I wondered why there wasn’t better spam filtering in USENET clients. Sure, very few people still read USENET, but I like to use Gmane, a service that lets you read and post to mailing lists via NNTP.

I really think we never improved on Newsreaders as a way to do that.

My only complaint is that spam messages sometimes make it through, and there’s no good way to filter them. I think the problem is Newsreaders predate modern spam filtering, and all the major clients seem to be stuck using kill lists and score files.

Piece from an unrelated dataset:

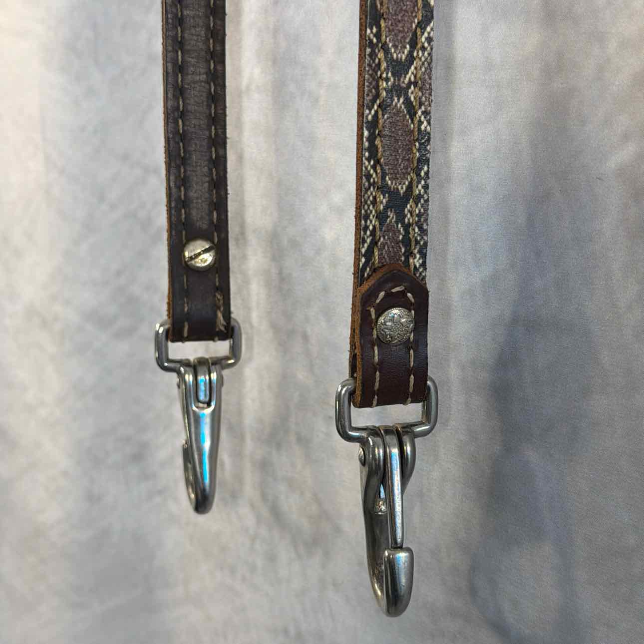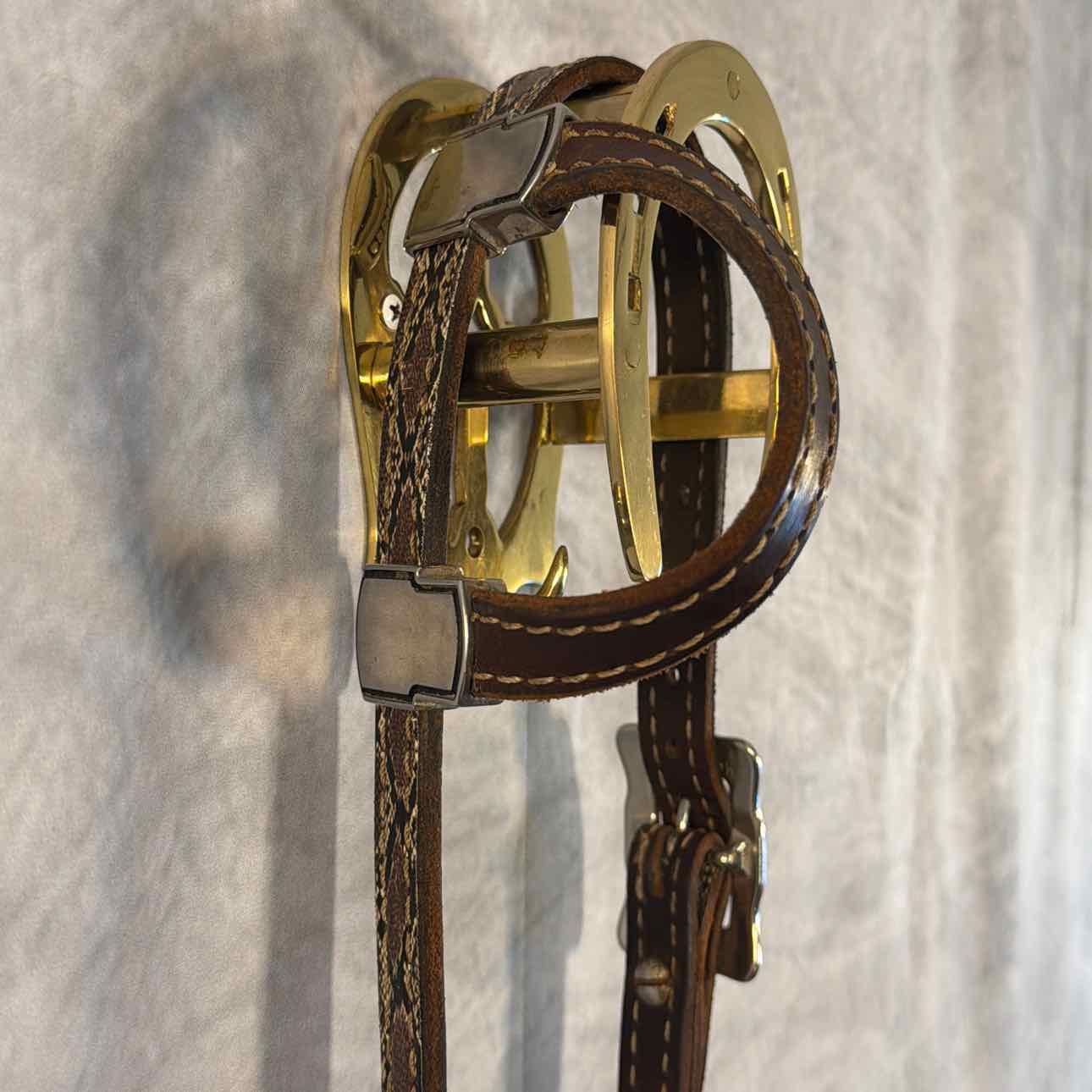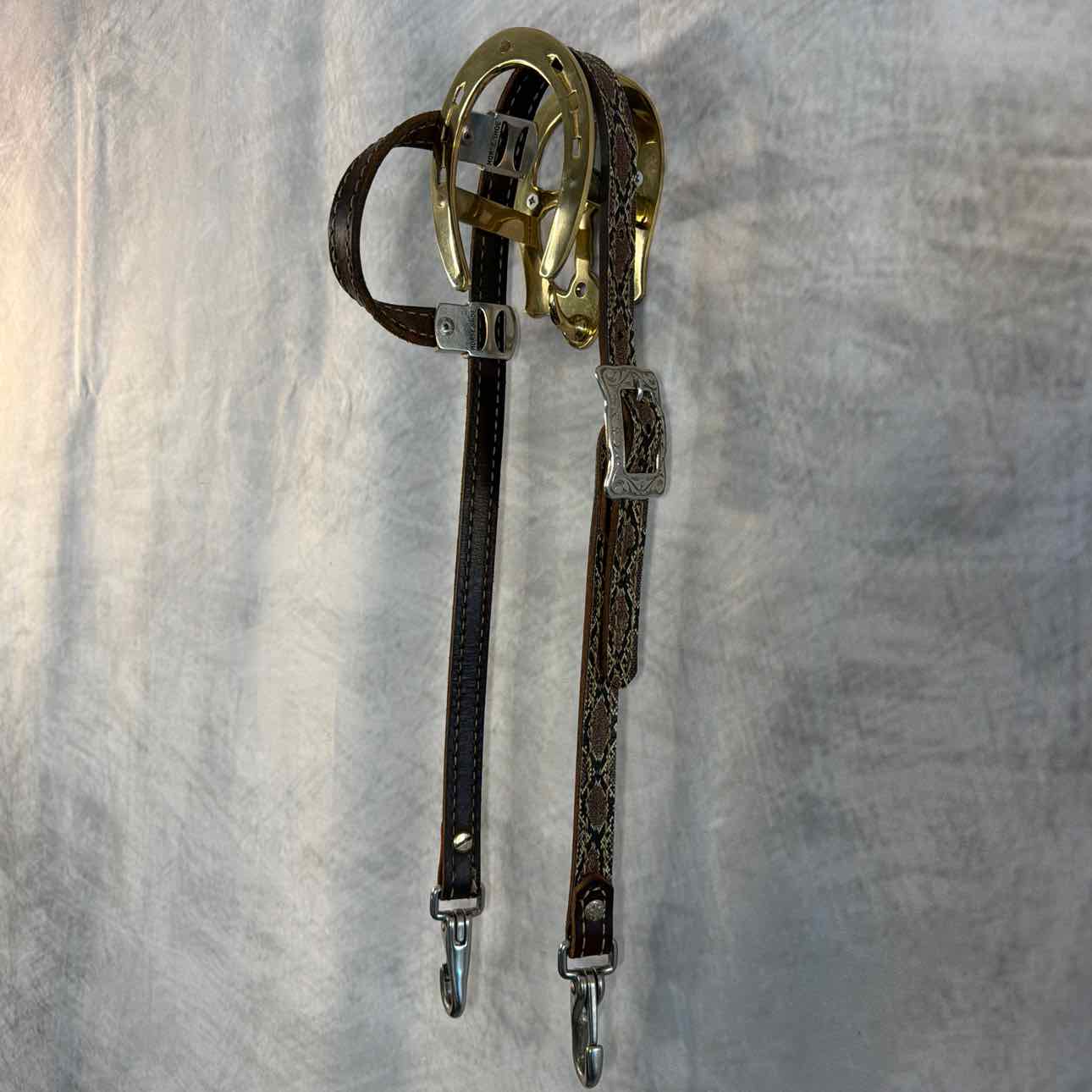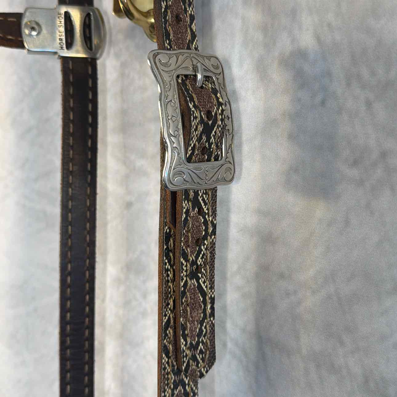Custom Made One Ear Headstall. Leather Snakeskin Print. Jeremiah Watts Hardware. Bit Hanger has Clips. Very Good Condition.

I credit “A Plan for Spam” for making email usable again in the early 2000s. If you had a public email address back then, you’ll know it was rough. When I read that essay, it really felt like the tide might be turning.

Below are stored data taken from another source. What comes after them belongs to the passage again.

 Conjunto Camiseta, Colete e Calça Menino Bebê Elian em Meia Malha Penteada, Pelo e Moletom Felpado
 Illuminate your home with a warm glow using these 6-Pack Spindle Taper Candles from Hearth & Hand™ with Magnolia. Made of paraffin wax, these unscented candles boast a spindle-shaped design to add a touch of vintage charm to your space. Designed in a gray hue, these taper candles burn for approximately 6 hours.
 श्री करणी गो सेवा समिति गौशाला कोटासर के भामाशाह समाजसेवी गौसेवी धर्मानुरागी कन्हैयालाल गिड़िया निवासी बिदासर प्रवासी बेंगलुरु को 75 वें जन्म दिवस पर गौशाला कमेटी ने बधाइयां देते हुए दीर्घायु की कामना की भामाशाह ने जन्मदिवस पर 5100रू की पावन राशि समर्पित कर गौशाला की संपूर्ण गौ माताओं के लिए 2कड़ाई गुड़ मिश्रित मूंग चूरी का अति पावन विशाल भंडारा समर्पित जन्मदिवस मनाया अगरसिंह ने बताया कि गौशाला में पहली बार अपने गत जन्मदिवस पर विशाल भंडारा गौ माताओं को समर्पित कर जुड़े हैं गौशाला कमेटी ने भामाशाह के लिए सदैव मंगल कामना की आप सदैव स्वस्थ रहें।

Maybe usenet clients never got that memo though?

Can’t we just plug in modern spam filters?

I’m an slrn user, it’s extensible with a powerful scripting language. Surely I can just plug a spam filter into it and get a cleaned up feed for free?

The answer is no. NNTP is not email, and the way filtering usually works is different. In general, clients ask the server for an NOV (News OVerview). This gives you a list of articles available to download, but not the articles themselves. You are really expected to do the filtering at this stage, and while you don’t have to, it makes newsreaders more efficient.

Unfortunately NOV is very limited, things like Subject, From, References, and so on. Will a naive bayesian spam filter still work if I can only give it those headers?

It’s worth a shot, so I tried it out. I wrote a s-lang script for slrn to plug in bogofilter. It took a while to figure out how, but I did get it working.

The answer is yes, after a few days training it, it did start to work! Over time, the confidence has increased and I usually don’t even bother checking anymore. Perhaps I have to correct one or two emails a week.

I’ve been able to read some very low SNR groups, and bogofilter usually correctly identifies the ones I dont want to read. You have to keep correcting it for it to stay accurate, but a single keybinding takes care of that.

Overall, I’m really pleased with it!